Window Length (sec, samples) | Best Network | Best Classification | Worst Classification | Training Time (min) |
0.5, 125 | 40-5 | geom, mult: 86% | count, mult: 77% | 7 |
0.25, 62 | 40-5 | base, letter: 90% | count, letter: 69% | 6 |
0.125, 31 | 100-10 | base, count: 82% | count, letter: 69% | 3 |
0.05, 13 | 1000-100 | geom, mult: 85% | count, letter: 67% | 10 |
Table 2 shows the results of differentiation between three mental tasks. The classification accuracies indicate that this was a much harder problem for the network to learn. Another indication of the difficulty of the problem is that networks with a greater number of hidden nodes performed better. When only differentiating between two mental tasks, it was sufficient to use a lesser number of hidden nodes: after a certain threshold, classification accuracy did not increase if the number of hidden nodes was increased. After finishing with the results for three-way differentiation, it became clear that it would not be worth the training time to comute them for four-way differentiation.

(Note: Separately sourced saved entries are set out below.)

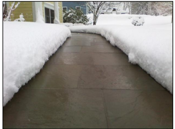
Radiant heated walkway with stone pavers.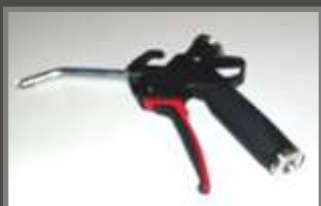
Low Noise Air Nozzle Part Number: 13-035

Low noise air nozzle creates a concentrated air stream, generates a powerful, quiet airflow and is OSHA compliant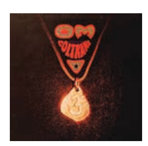
Om (Impulse! 1968)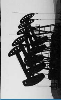
Energy Sector oil Industry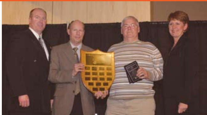
Campaign Chair's Choice Award

Winner: Potash Corp - USW Locals 7458/7689/189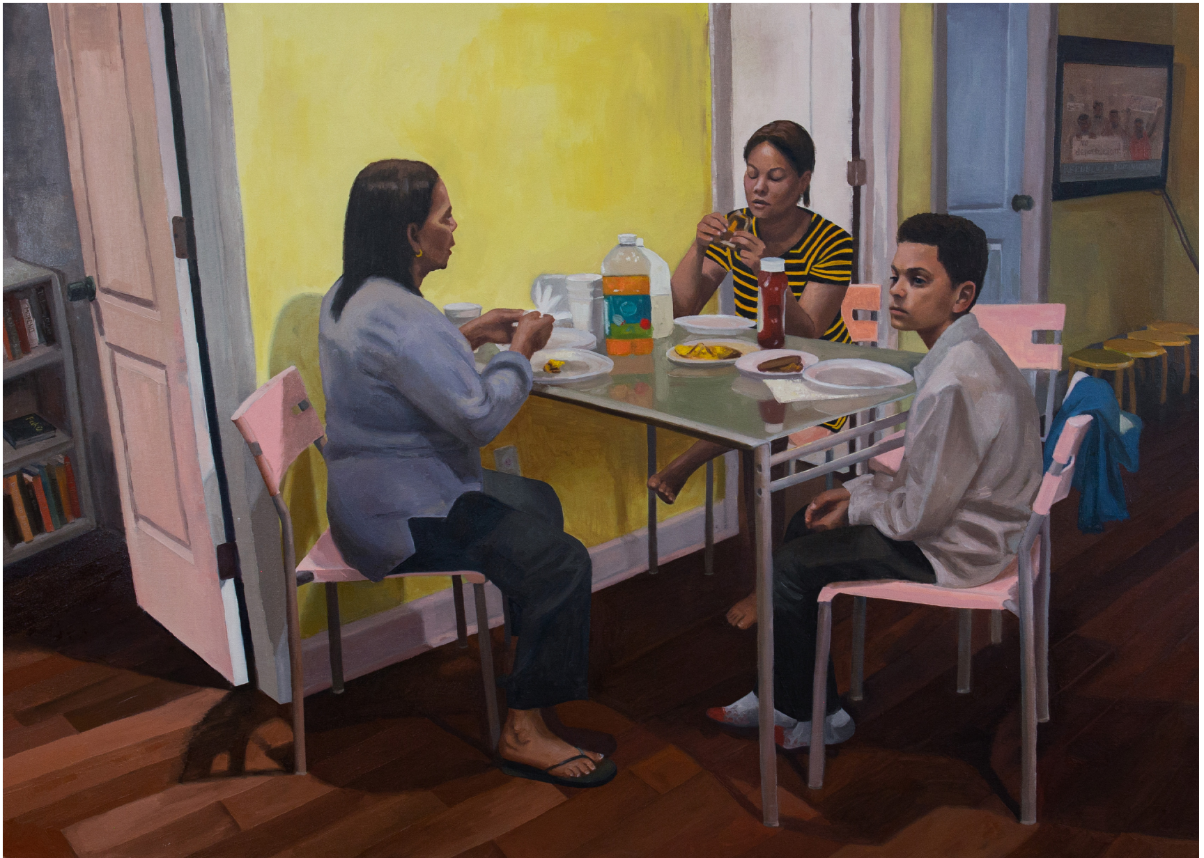
The Beautiful Ones Oil on canvas 40 x 56 in

Window Length (sec, samples) | Best Network | Best Classification | Worst Classification | Training Time (min) |
0.5, 125 | 100-10 | base, letter, mult: 86% | count, letter, mult: 71% | 30 |
0.25, 62 | 250-50 | count, geom, letter: 77% | count, geom, letter: 63% | 16 |
0.125, 31 | 250-50 | geom, letter, mult: 74% | count, letter, mult: 56% | 8 |
0.05, 13 | 250-50 | geom, letter, mult: 66% | count, letter, mult: 51% | 6 |
Conclusion
Accurate, two-way differentiation can be done using a short window of EEG data. This is probably the most significant result of the experiment, because most applications for control systems have real-time requirements. For example, with a recognition rate of one symbol per second, it would be very difficult to steer a wheelchair or compose a letter on the computer. On the other hand, with a rate of sixteen symbols per second it might be possible to accomplish something.
Increasing the number of hidden nodes increases the accuracy of classification, although the increase in accuracy is very gradual after a point. Unfortunately, since larger networks take longer to train, there is a threshold at which the return in accuracy does not justify the investment in training time.
Finally, ICA is fast and useful for removing artifacts without discarding useful data. This experiment is one more verification that the ICA algorithm works as a method of removing artifacts from EEG data. Furthermore, the processing time required to run the ICA algorithm was insignificant compared to the time required to train the neural networks using backprop.
[1] Zachary A. Keirn and Jorge I. Aunon. A New Mode of Communication Between Man and His Surroundings. IEEE Transactions on Biomedical Engineering, 37(12):1209-1214, December 1990.
[2] A. J. Bell and T. J. Sejnowski. An Information Maximization Approach to Blind Separation and Blind Deconvolution. Neural Computation, 7:1129-1159, 1995.
[3] C. W. Anderson, S. V. Devulapalli, and E. A. Stolz. EEG Signal Classification with Different Signal Representations. Neural Networks for Signal Processing V, pages 475-483. IEEE Service Center, Piscataway, NJ, 1995.